» **Brief**
Print the line containing "小红书建好群,配置好群里一些基本信息,方便玩家下载我们资源", then every line after it through the end of the material, exactly as written and without pictures.

Start of Records for this task

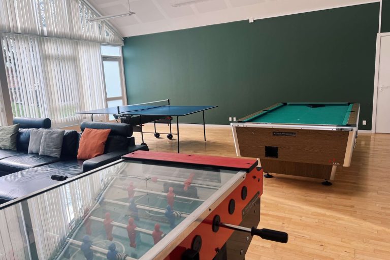 I vores moderne aktivitetsrum er der plads til både sjov og afslapning. Her kan I dyste i bordtennis, billard eller bordfodbold. I sofaområdet kan I slappe af med en god film eller et spil. Har du lyst til at holde dig aktiv? Så tilbyder vi også et veludstyret fitnessrum. Her finder du løbebånd, romaskine og motionscykler, som er ideelle til både individuelle gæster og sportsgrupper. Læs mere om vores faciliteter her.
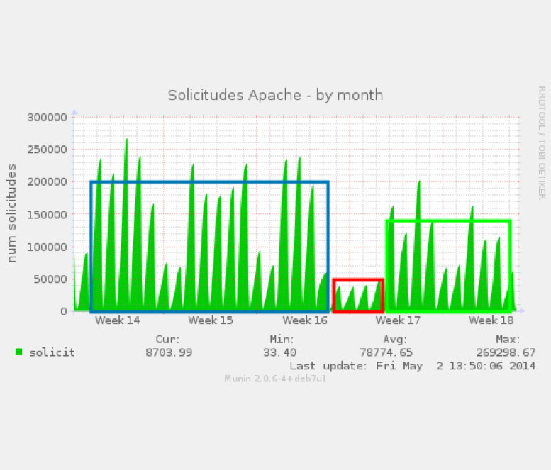 Igualmente registraremos los tiempos de respuesta de los principales proyectos alojados indicados por el cliente, de tal forma que si detectamos en los mantenimientos una mejora o un empeoramiento de los mismos, podamos informar y revisar si cambios realizados desde programación o sistemas están afectando de forma positiva o negativa al proyecto.
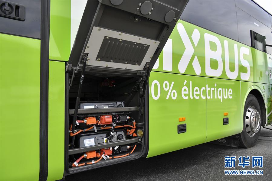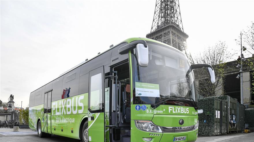 Photos prises le 10 avril à Paris, montrant les bus électriques chinois Yutong qui seront mis en service en France. L'entreprise allemande de transport inter-cités Flixbus a annoncé mardi l'ouverture de la première ligne longue distance testée en bus 100% électrique fourni par le constructeur chinois Yutong, entre Paris et Amiens. Une première sur l'ensemble du réseau européen, couvert par FlixBus, mais aussi dans le monde.
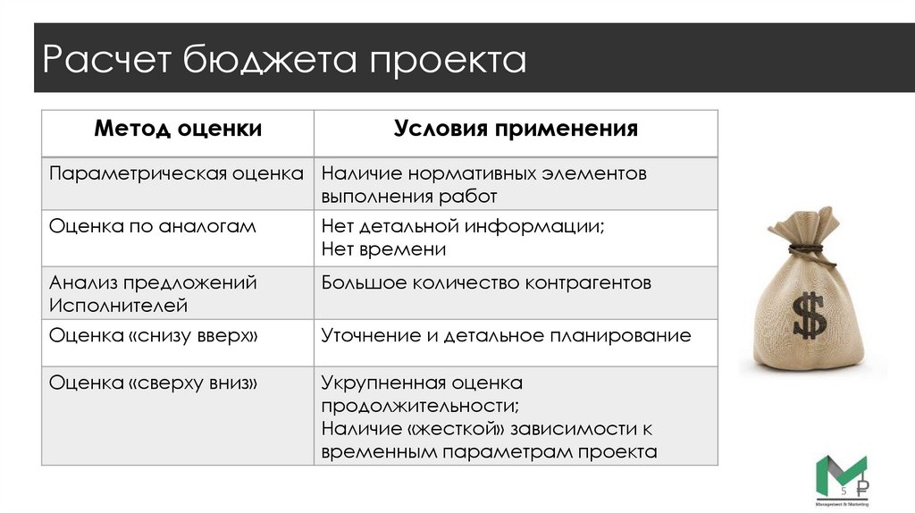 Расчет бюджета проектаМетод оценки
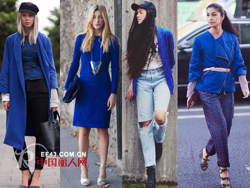 宝蓝色!显白+优雅+抢镜。欧美达人至爱宝蓝色,小编分享欧美街拍宝蓝色出彩美搭技巧,喜欢宝蓝色的你也不要错过!
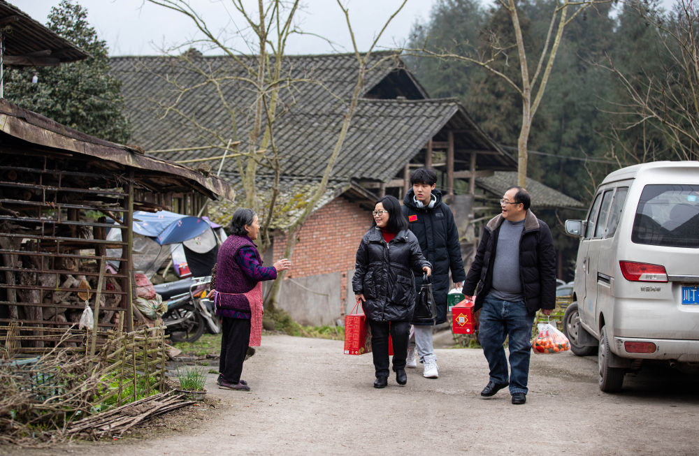 ↑ 2月4日,李家大院的居民李帮强(右一)一家三口提着年货回到齐心村,边走边和邻居打招呼。
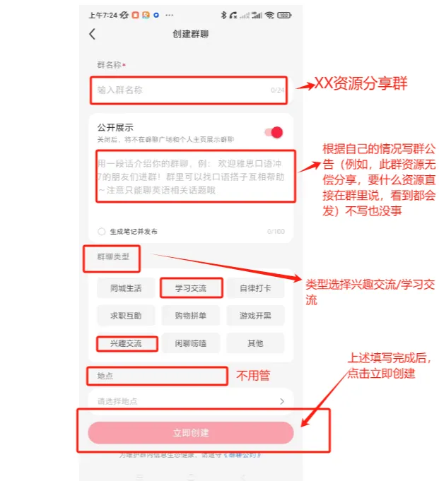 小红书建好群,配置好群里一些基本信息,方便玩家下载我们资源
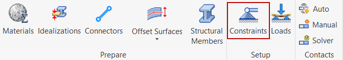 Click Constraints in the Setup panel of the Autodesk Inventor Nastran ribbon tab:
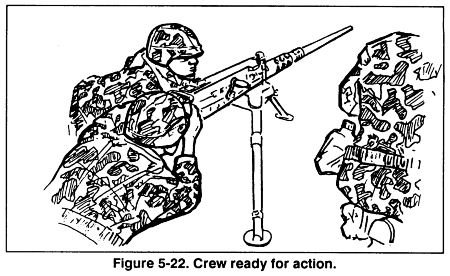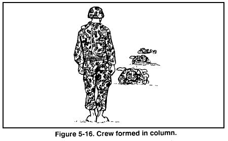 (1) Positions with equipment. The crew forms in column, facing the crew leader with five paces between men (Figure 5-16). They are in the following order: assistant gunner, gunner, and ammunition bearer. When the crew members reach their correct positions, they assume the prone position with equipment arranged as follows:

End of Records for this task

» **Output for this task**
 小红书建好群,配置好群里一些基本信息,方便玩家下载我们资源
 Click Constraints in the Setup panel of the Autodesk Inventor Nastran ribbon tab:
 (1) Positions with equipment. The crew forms in column, facing the crew leader with five paces between men (Figure 5-16). They are in the following order: assistant gunner, gunner, and ammunition bearer. When the crew members reach their correct positions, they assume the prone position with equipment arranged as follows:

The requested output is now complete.